The narrative around 2019 is more likely to be shaped from state capitals than Ramlila Maidan
Special status in one state, farm loan waiver in another could dominate the agenda in specific states. This will also increase the importance of caste and community equations.
Anna Hazare sat on a hunger strike in Delhi’s Ramlila Maidan to press for demands, including the appointment of Lokpal and Lokayukta. The agitation has not had any impact on the current political environment. Mass-participation is a minuscule fraction of what it was when Anna came to Delhi in 2011. The 2011 Lokpal agitation marked the beginning of the end of the Congress-led United Progressive Alliance (UPA). What explains the subdued response now?

Conspiracy theorists will attribute this to the absence of tacit support by forces which had a vested interest in discrediting the Congress in 2011. Such views are oblivious to how political-economy narratives work. The political-economy path to 2019 is likely to be very different from 2014.
Was the mass support for the Lokpal movement in 2011 a reflection of a nuanced understanding of the details of the proposed Lokpal bill? It is extremely unlikely. Multiple factors contributed to the momentum behind the agitation.
The UPA government was already embroiled in corruption scandals before the Lokpal agitation started. Corruption was not the only problem. Inflation had grown at more than 10% in 2009-10 and 2010-11. Economic growth had started decelerating since 2011-12. Rising prices and slowing growth meant real economic pain for the masses. This was a drastic reversal from the boom phase during the UPA I period.
Why did this economic reversal happen? A complex set of economic factors were at play. The global economic crisis generated headwinds for export earnings. Oil prices had started rising. Revenue projections did not materialise due to slowing down of growth, which constrained the government’s ability to spend more money in the economy. Governments gain when there are external factors helping the economy. They lose when the cycle turns.
Allegations of corruption along with the worsening economic situation created an ominous situation for the UPA. All the economic hardships in the latter half of UPA-II’s tenure were attributed to the alleged corruption within the government. This was a much more palatable narrative than cyclical factors bringing down growth. That the Congress behaved in an arrogant way and went wrong with its political messaging only strengthened this view.
It was this narrative which the 2011 Lokpal agitation drew its mass support from. The BJP hitched on to the sentiment and went on to decimate the Congress.
Let us come back to what is happening now. As of now, no big corruption charge haunts this government. Bank frauds are growing by the day. But the relative autonomy of public sector banks will keep the government immune from direct anger. Unless there is compelling evidence to show that there was collusion to aid the accused. Even the Rafale procurement controversy is unlikely to inflict big damage. This could change if there are direct allegations of someone in the government receiving kickbacks. It took nothing less than an incumbent defence minister (V P Singh) coming out in rebellion to make the Bofors scam into a political issue against the Rajiv Gandhi government.

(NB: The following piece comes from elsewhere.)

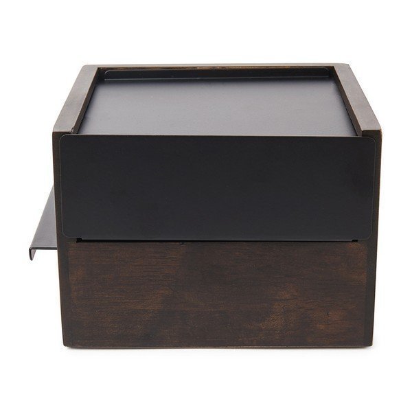 Компактная версия популярной шкатулки для украшений Stowit. Два больших отделения для хранения крупных предметов — колец, браслетов, часов, и один небольшой "потайной" ящичек для запонок, серёжек или цепочек. Благородное сочетание натурального тёмного дерева и металла с чёрным матовым покрытием делает шкатулку отличным для мужчины.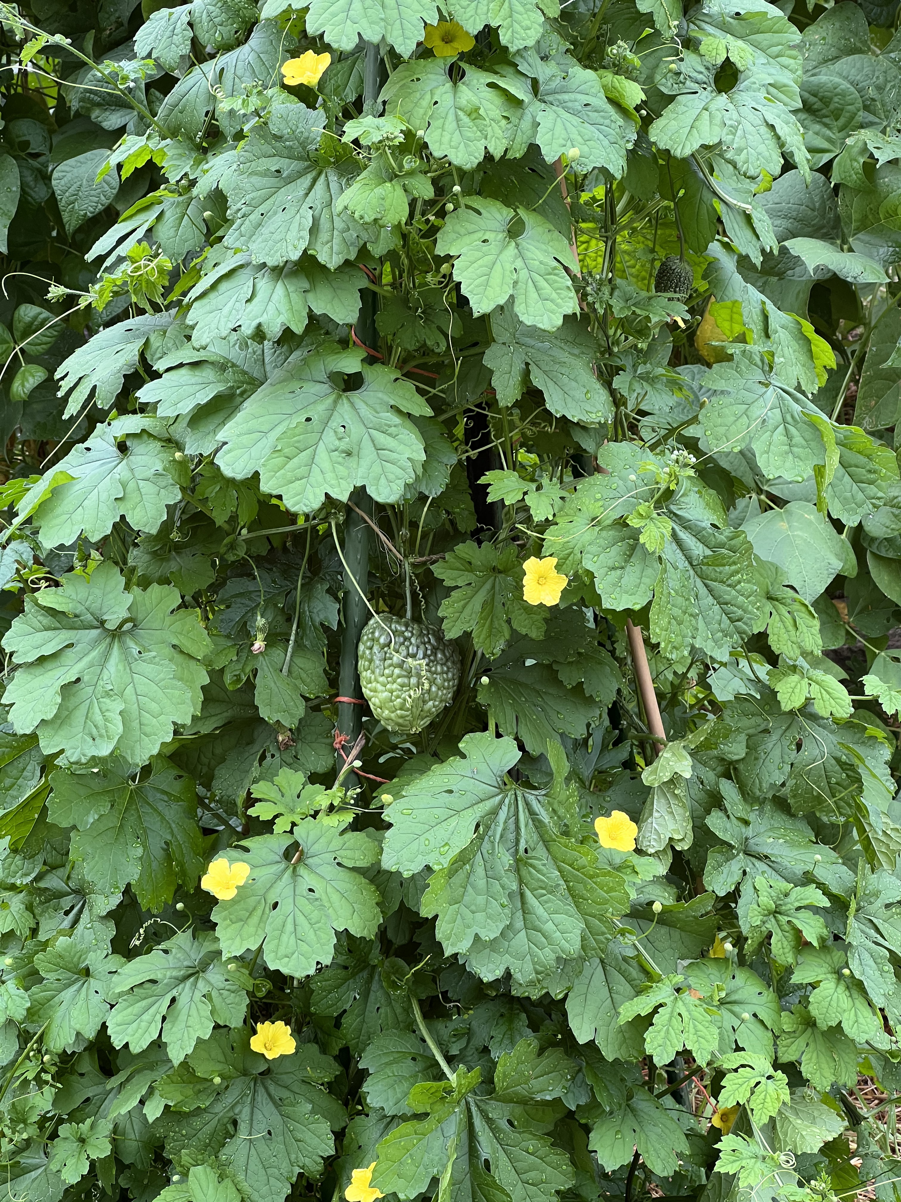 My good friend Andrew Hsieh first introduced me to this Asian vegetable, also known as a bitter gourd. Aptly named, bitter melons are intensely bitter, and an acquired taste. They grow well in Iowa, and the plant consists of a beautiful vine with delicate yellow flowers and serrated leaves. They are harvested when green (or white, the color of a variety from Okinawa that I’m growing this season), and ripen into a brilliant cadmium orange. As they it ripen, they split open from the end, revealing bright red seed globules. The red part coats the seeds, and is intensely sweet.

There are problems on the economic front. The revival in economic growth has been skewed. Real earnings in the agriculture sector have been stagnant under this government. Private investment activity is still not reviving. Export earnings are unlikely to show high growth, given the fears of US protectionism triggering trade wars. Policies such as demonetisation and GST have thrown a spanner in the wheels of the informal economy not once, but twice. However, both inflation and macroeconomic stability is still better than UPA II’s times.
Despondency, more than anger, seems to be the economic mood right now. Many believe that the promise of achhe ain has not materialised. But at the moment there is no compelling anti-BJP economic narrative which will snowball as the 2019 general elections near. We should remember that the BJP managed to win Uttar Pradesh and Gujarat in the immediate aftermath of demonetisation and GST. Rural distress is beginning to haunt the BJP, but whether it will bring the party down is a question which is difficult to answer right now.
This might seem like good news for the BJP. However, it is not just the opposition which will not have a grand economic narrative for 2019. In 2014, the BJP campaign sold Narendra Modi as someone who could drastically change India’s fortunes by replicating his Gujarat model at the Centre in 2014. That halo is unlikely to remain the same in the next elections because of the current economic situation.
This might make local issues more germane to political outcomes. Special status in one state, farm loan waiver in another could dominate the agenda in specific states. This will also increase the importance of caste and community equations. The narrative around 2019 is more likely to be shaped from state capitals than Ramlila Maidan. It will only make it more difficult to read the trends.